**EXERCISE BRIEF:** Within the entries below, output exactly the lines between the line containing "Ich habe auch" and the line containing "1986 Press Photo", inclusive, and omit any picture.

**DATA TO PROCESS:**
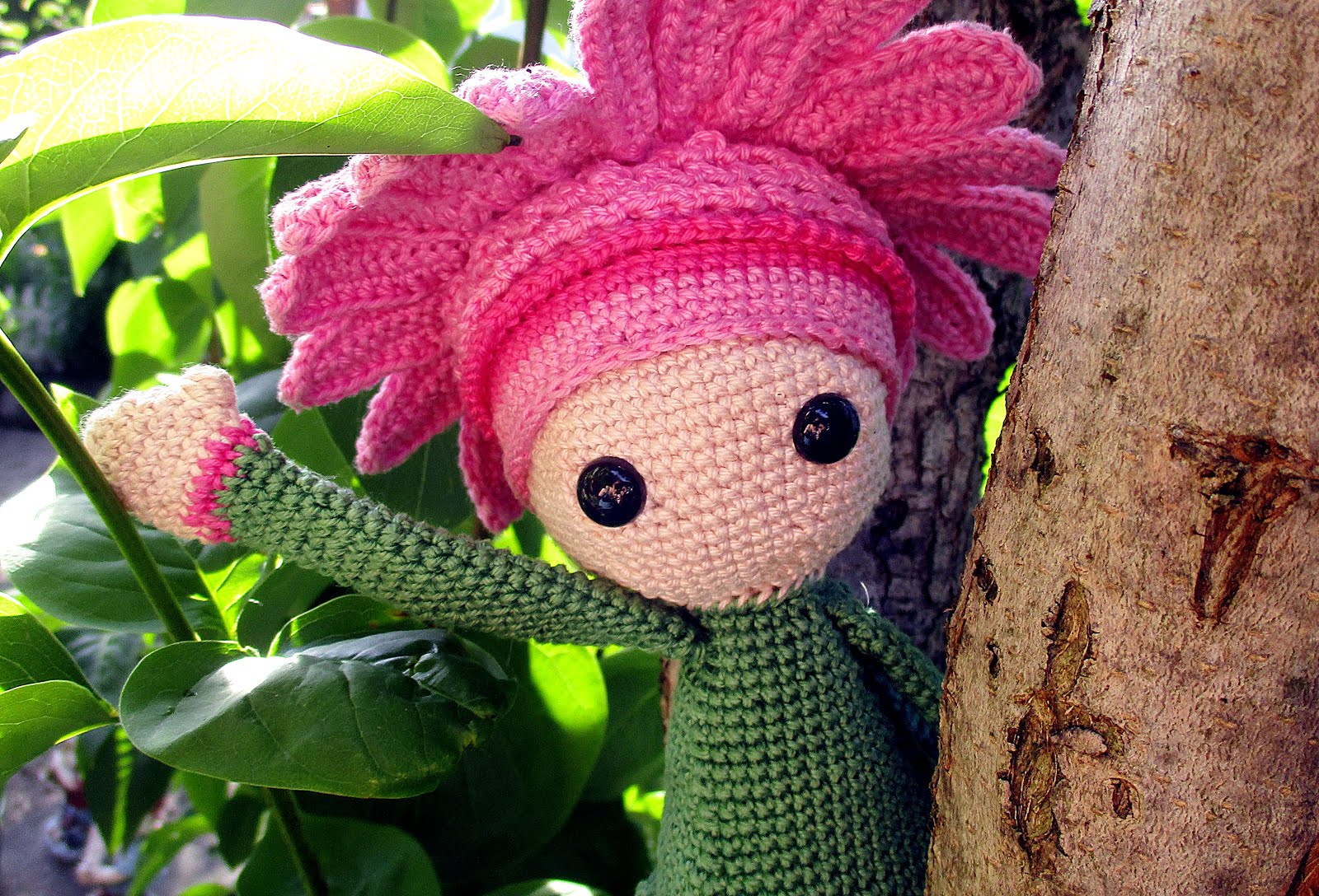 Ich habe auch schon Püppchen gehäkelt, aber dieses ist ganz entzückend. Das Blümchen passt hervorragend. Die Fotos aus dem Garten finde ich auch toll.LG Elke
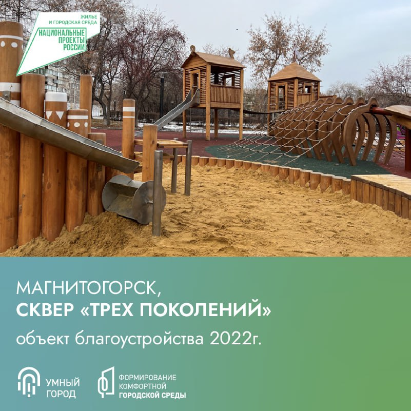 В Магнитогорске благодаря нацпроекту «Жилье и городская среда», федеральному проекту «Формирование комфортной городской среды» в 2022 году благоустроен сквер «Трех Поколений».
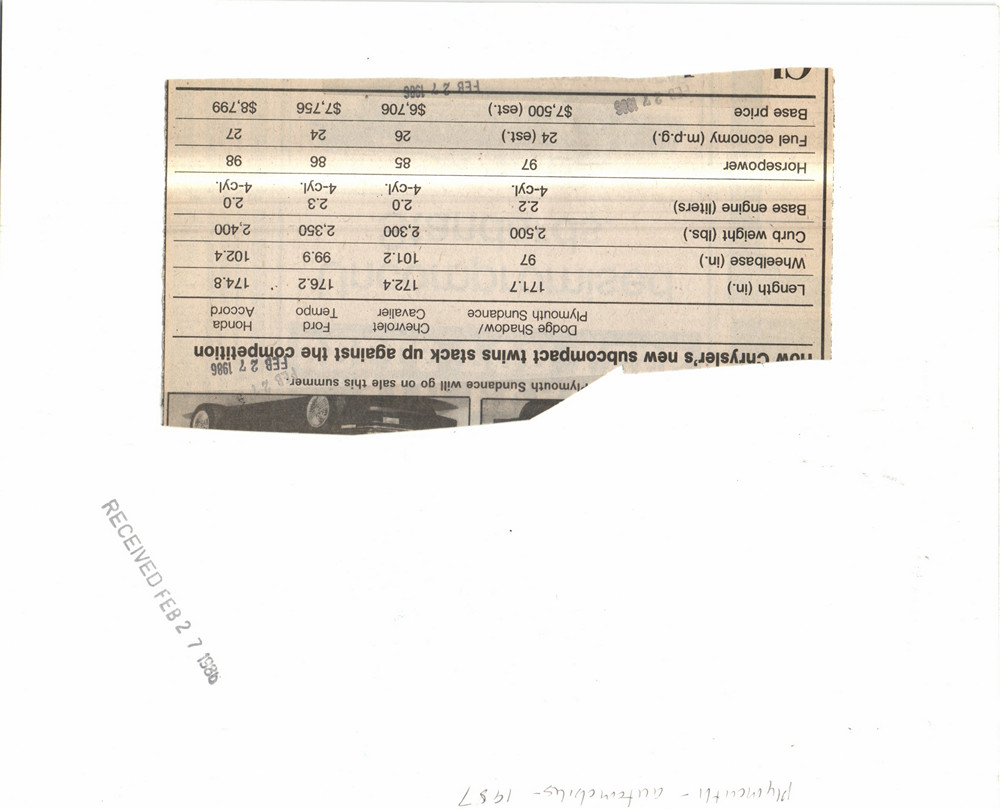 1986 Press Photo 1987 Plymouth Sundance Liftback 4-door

---

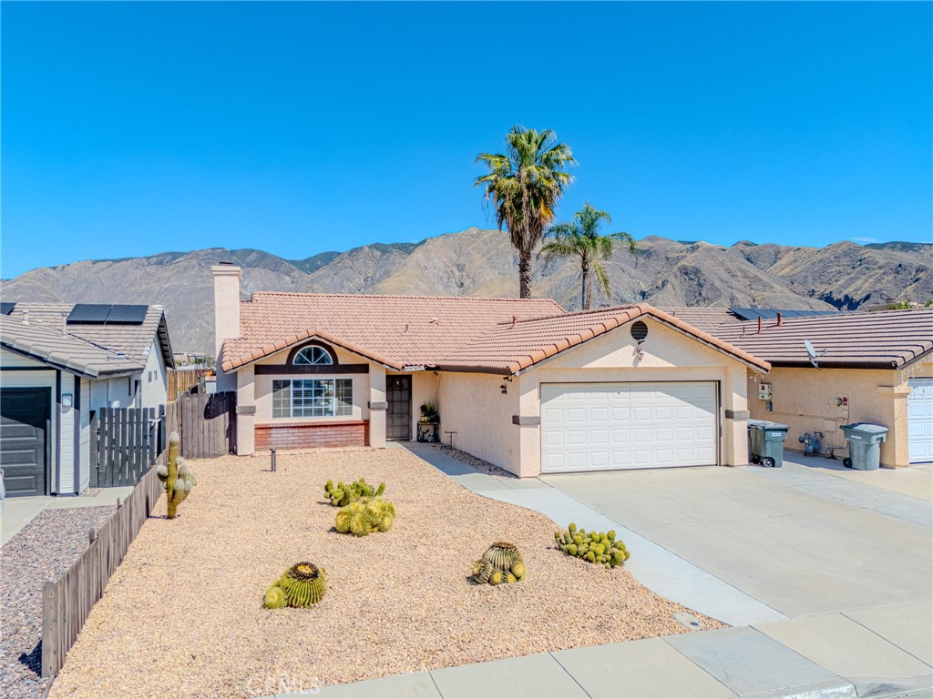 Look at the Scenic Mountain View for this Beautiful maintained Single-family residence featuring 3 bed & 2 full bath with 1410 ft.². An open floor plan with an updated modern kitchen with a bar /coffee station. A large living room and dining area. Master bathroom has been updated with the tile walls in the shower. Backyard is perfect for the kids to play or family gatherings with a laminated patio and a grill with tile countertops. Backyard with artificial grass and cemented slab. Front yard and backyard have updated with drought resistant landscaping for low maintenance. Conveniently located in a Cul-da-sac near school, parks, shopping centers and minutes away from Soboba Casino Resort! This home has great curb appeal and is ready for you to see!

**WRITTEN ANSWER:**
 Ich habe auch schon Püppchen gehäkelt, aber dieses ist ganz entzückend. Das Blümchen passt hervorragend. Die Fotos aus dem Garten finde ich auch toll.LG Elke
 В Магнитогорске благодаря нацпроекту «Жилье и городская среда», федеральному проекту «Формирование комфортной городской среды» в 2022 году благоустроен сквер «Трех Поколений».
 1986 Press Photo 1987 Plymouth Sundance Liftback 4-door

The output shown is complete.